I don’t think this was their plan from the start — I think Apple didn’t know any better than we did, a year ago, whether the iPad was going to end up as a productivity device in practice. They probably thought, like we did, that it would replace laptops a lot more often.
But, as often happens in technology, the iPad hasn’t “killed” the laptop at all — it has simply added a new role for itself. And that role doesn’t include office productivity for most of us.

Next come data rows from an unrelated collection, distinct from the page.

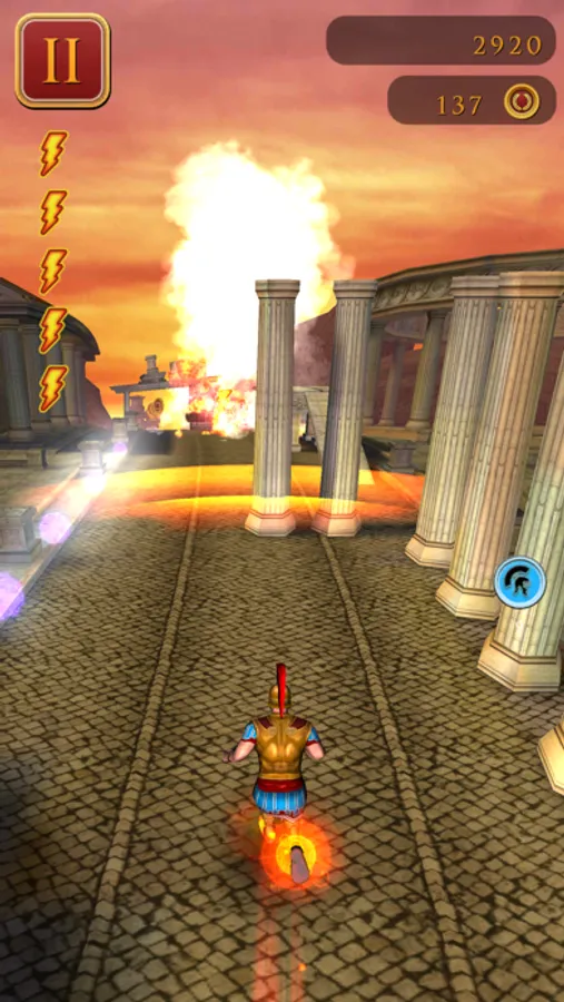 As Gaius runs he collects Empire Coins out of the air while simultaneously dodging objects.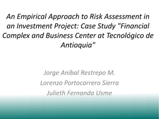 This document presents a risk assessment of an investment project to build a financial complex and business center at Tecnológico de Antioquia University. A Monte Carlo simulation was used to model the net present value and internal rate of return based on the variability of estimated cash flows. The simulation found a 44% chance that the NPV is between $0-51,680 and a 51% chance it is below $0, with an IRR between 7.47%-12.22%. While the financial assessment is positive, the project's main benefit is providing students, teachers and entrepreneurs experience with financial transactions, negotiations and simulations.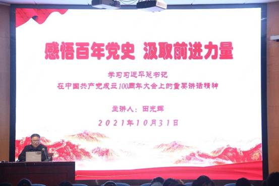本网讯(学生记者/李亚鹏)10月31日,6686体育组织21级新生学习习近平总书记“七一”重要讲话精神,学院党委书记田光辉以“感悟百年党史 汲取前进力量”为主题,为全体新生开讲。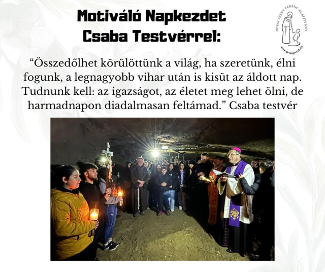 b_300_300_16777215_00_images_stories_Csaba_levelek_Resized_658693168_122240100848265175_8905822440242837114_n.jpgÖsszedőlhet körülöttünk a világ, ha szeretünk, élni fogunk, a legnagytobb vihar után is kisüt az áldott nap. Tudnunk kell: az igazságot, az életet meg lehet ölni, de harmadnapon diadalmasan feltámad.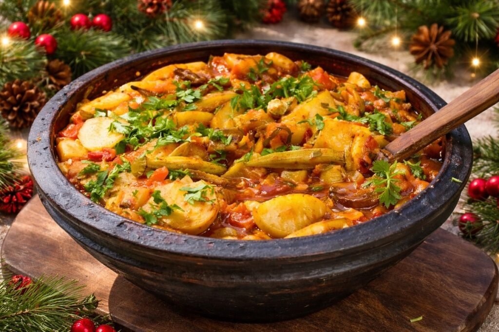 🍄 4. Постен гювеч с гъби и зеленчуци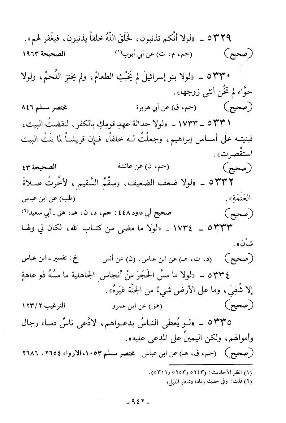 5331 - 1733 - «لولا حداثة عهد قومك بالكفر لنقضت البيت فبنيته على أساس إبراهيم وجعلت له خلفا فإن قريشا لما بنت البيت استقصرت» .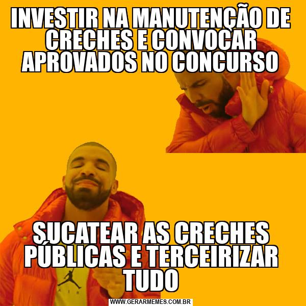 INVESTIR NA MANUTENÇÃO DE CRECHES E CONVOCAR APROVADOS NO CONCURSO SUCATEAR AS CRECHES PÚBLICAS E TERCEIRIZAR TUDO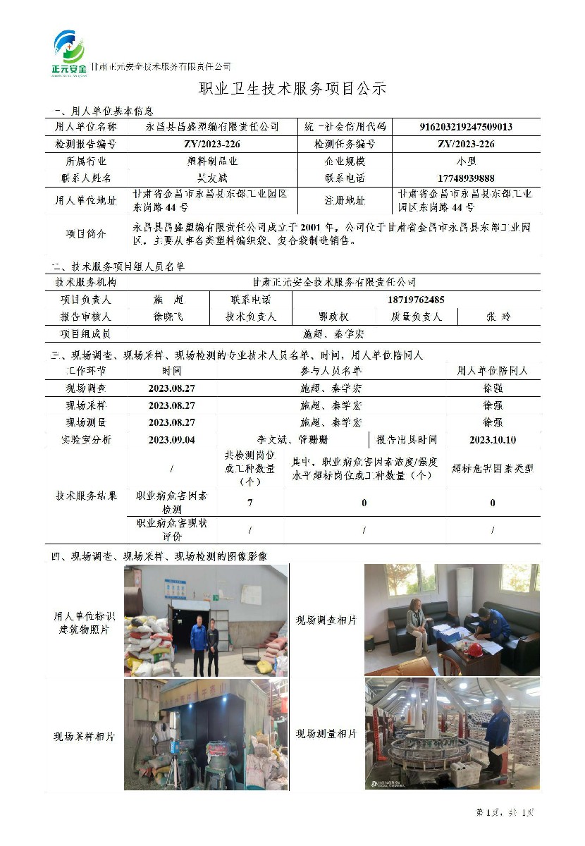 永昌县昌盛塑编有限责任公司职业病危害因素检测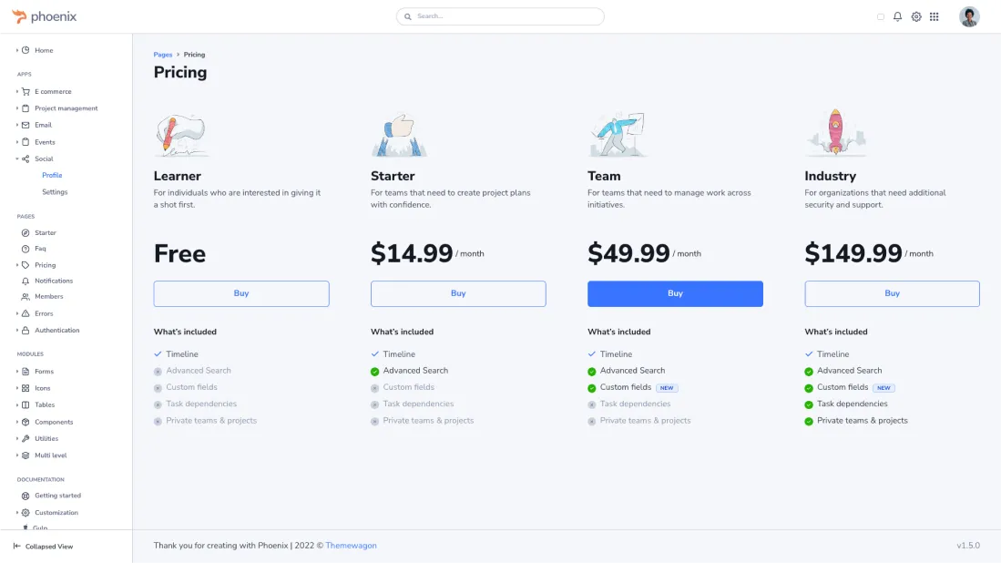 Many of our customers are using Phoenix with Django. Using Phoenix is like using Bootstrap with Django, just with some extra features.For a starter, you need to take all the CSS and JS files from Phoenix's "public/assets" folder to your project and link them to your view files. You can find all the required scripts and styles on the source of the starter page. It is also possible to compile the SCSS and use the ES6 JavaScript partial files with Django using Phoenix's built-in gulp based workflow.

So true. I can’t think of leaving my laptop and using a tablet device for Office Productivity functions I do which includes using E-Mail (Outlook 2010) and Microsoft Office (Excel, PowerPoint, Visio etc). Multiple reasons for this, but most of these have to do with lack of input and output devices. I find it difficult to use my fingers so well on a virtual keyboard on a Tablet device as compared to a physical keyboard of a Laptop. I don’t want to carry VGA connector cable or a keyboard dock with a Tablet. I tend to carry a lot of data on my laptop which I can’t on a Tablet device with limited storage (64 GB max). I know there are cloud options but some of my data is confidential (from work), some very private and cloud is not an option to store this data.
Primarily, iPad and other tablet’s capabilities as a media consumption device is great. You can read books, watch movies, browse web, and now create music also. It also serves well for very app-specific business usage like taking orders in a restaurant, with hospital staff, with real estate guys who want to show different layouts on a site visit etc. So what iPad has done is created a niche for itself as a Media consuming, mostly Read-Only device. And as we speak with iPad 2, media creation (Garage band and iMovie apps) also comes mainstream.
iPad or any other Tablet device cannot signal a Post-PC era unless we get enterprises also onboard (I know Apple is working hard on this). These at best signal a Post-Netbook era, an era which nobody wished for but still happened in absence of cheaper/user friendly media consuming devices.